* Data extract
##############################

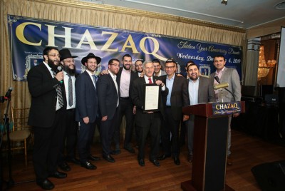 On Wednesday, December 4th, the Chazaq organization celebrated their 13 year anniversary with a Gala Dinner at the Leonard's Palazzo in Great Neck telling the capacity audience that “now we will take upon ourselves greater responsibilities to take the community to even greater heights.''
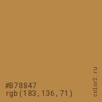 Цвет #B78847 в цветовой модели RGB обозначается тремя октетами (183, 136, 71) в десятичном формате и #B78847 в шестнадцатиричном (hex) формате, которые являются интенсивностью красного 183 (hex B7), интенсивность зелёного 136 (hex 88) и интенсивность синего 71 (hex 47).
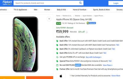 The Flipkart sale is giving a 33 percent discount on the 64 GB storage variant of the app iPhone XS. Customers can buy the iPhone XS 64GB storage variant for Rs 59,999 (MRP Rs 89,900).
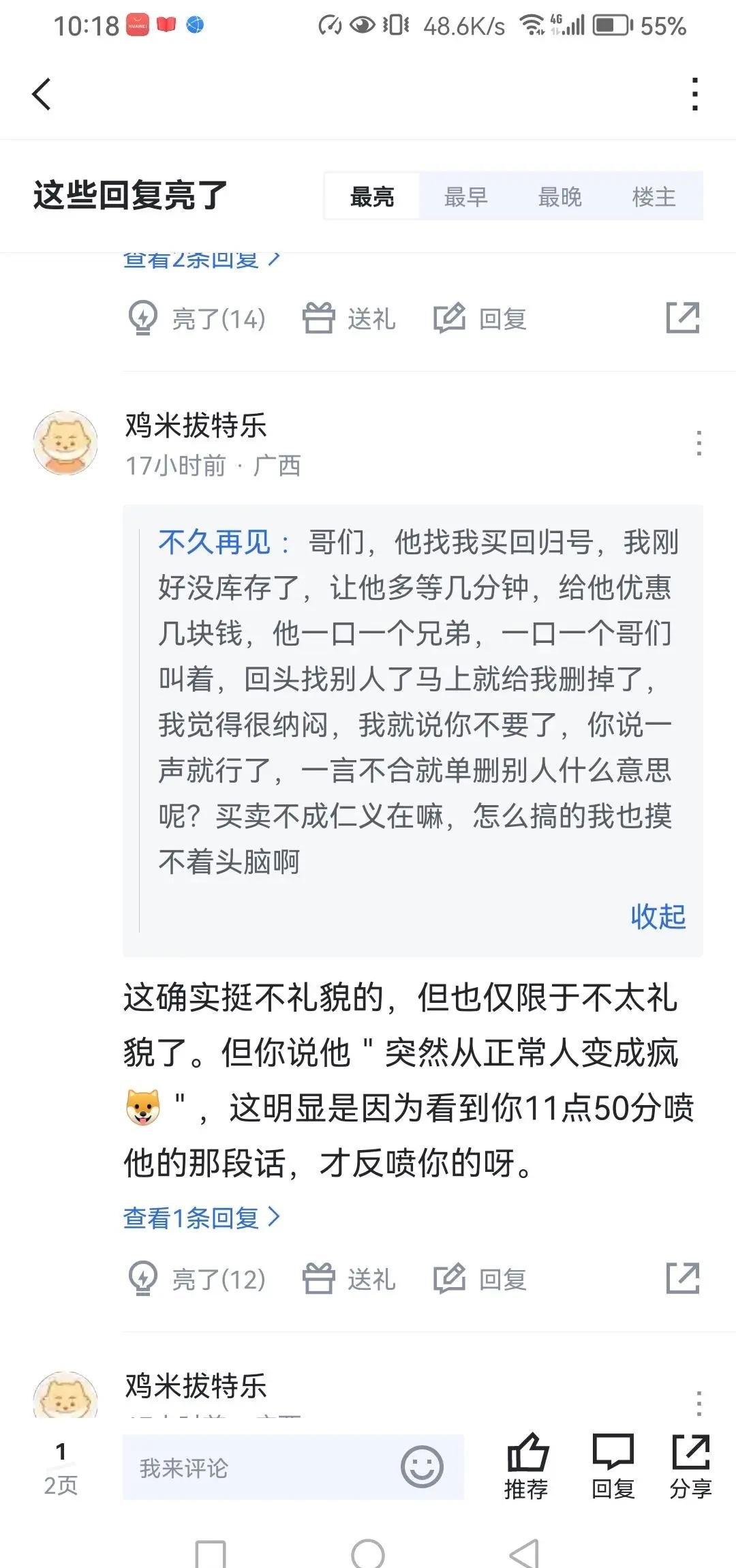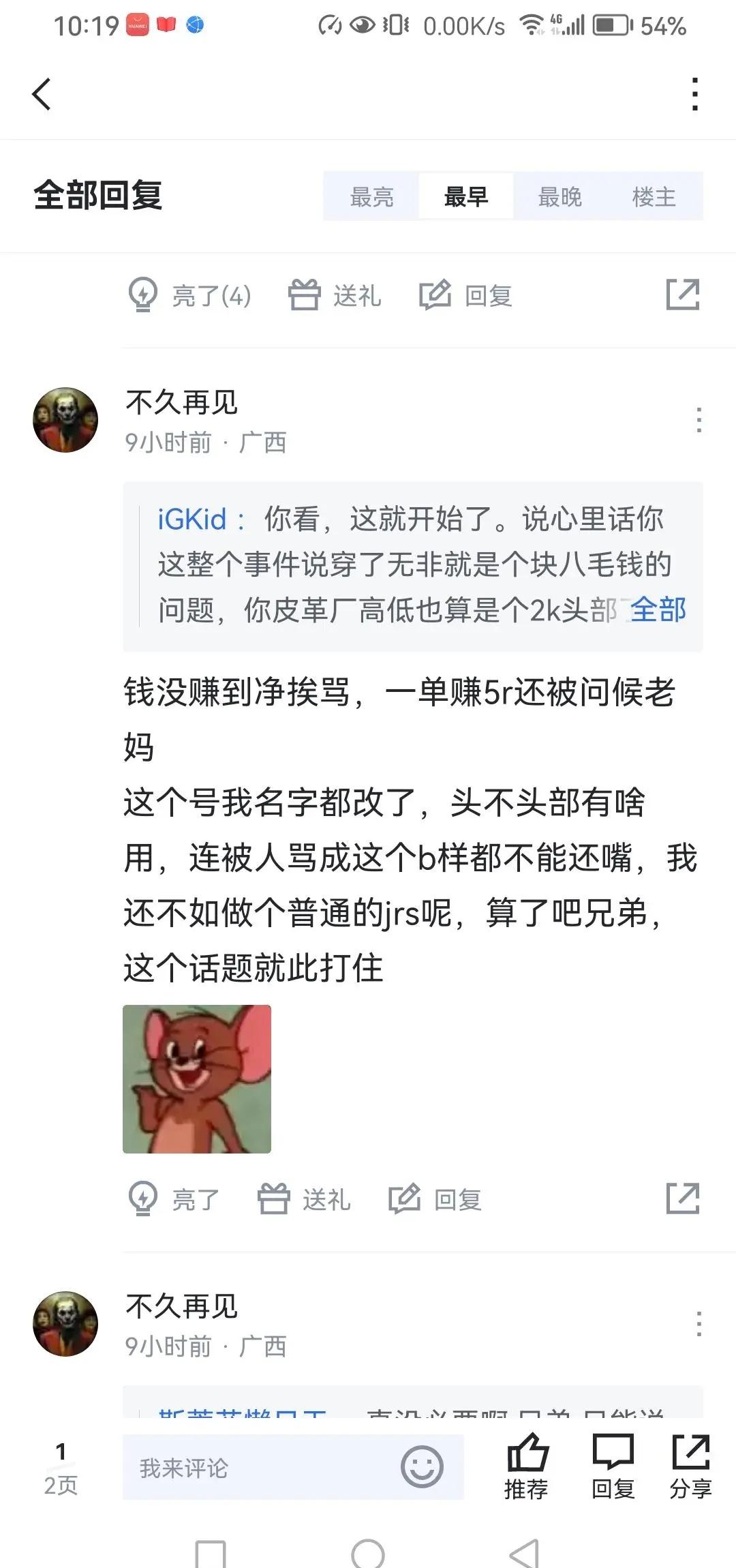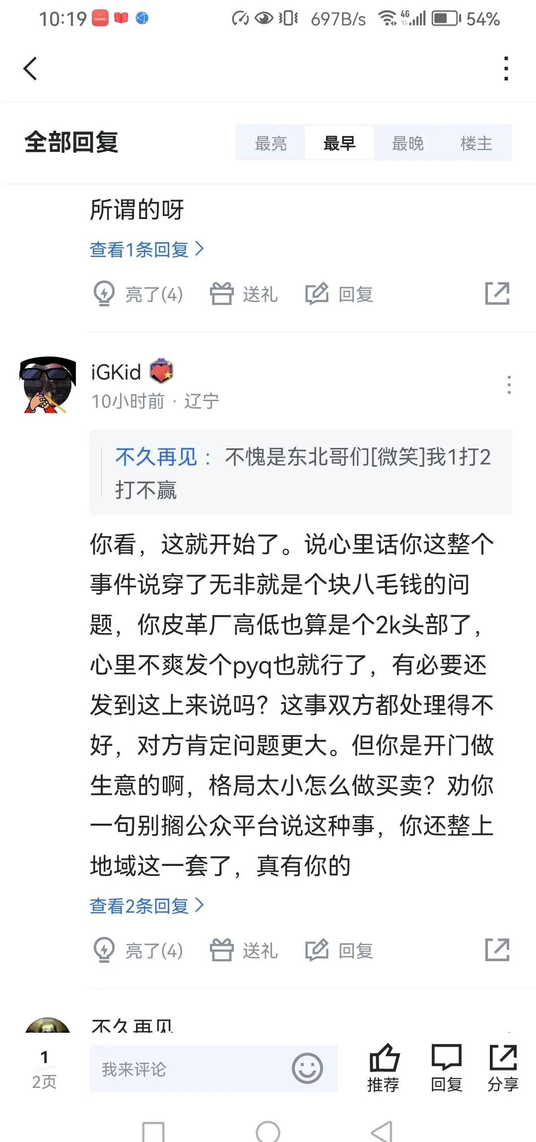皮革厂还能不就再见吗?记录版主带地域黑节奏的帖子一则(原贴他已删除) 挂人不评价了,你们两家买卖的问题,可惜没保留到主贴内容

##############################

* What to produce
Please print everything in the material exactly, apart from the pictures.

* Completed exercise
 On Wednesday, December 4th, the Chazaq organization celebrated their 13 year anniversary with a Gala Dinner at the Leonard's Palazzo in Great Neck telling the capacity audience that “now we will take upon ourselves greater responsibilities to take the community to even greater heights.''
 Цвет #B78847 в цветовой модели RGB обозначается тремя октетами (183, 136, 71) в десятичном формате и #B78847 в шестнадцатиричном (hex) формате, которые являются интенсивностью красного 183 (hex B7), интенсивность зелёного 136 (hex 88) и интенсивность синего 71 (hex 47).
 The Flipkart sale is giving a 33 percent discount on the 64 GB storage variant of the app iPhone XS. Customers can buy the iPhone XS 64GB storage variant for Rs 59,999 (MRP Rs 89,900).
皮革厂还能不就再见吗?记录版主带地域黑节奏的帖子一则(原贴他已删除) 挂人不评价了,你们两家买卖的问题,可惜没保留到主贴内容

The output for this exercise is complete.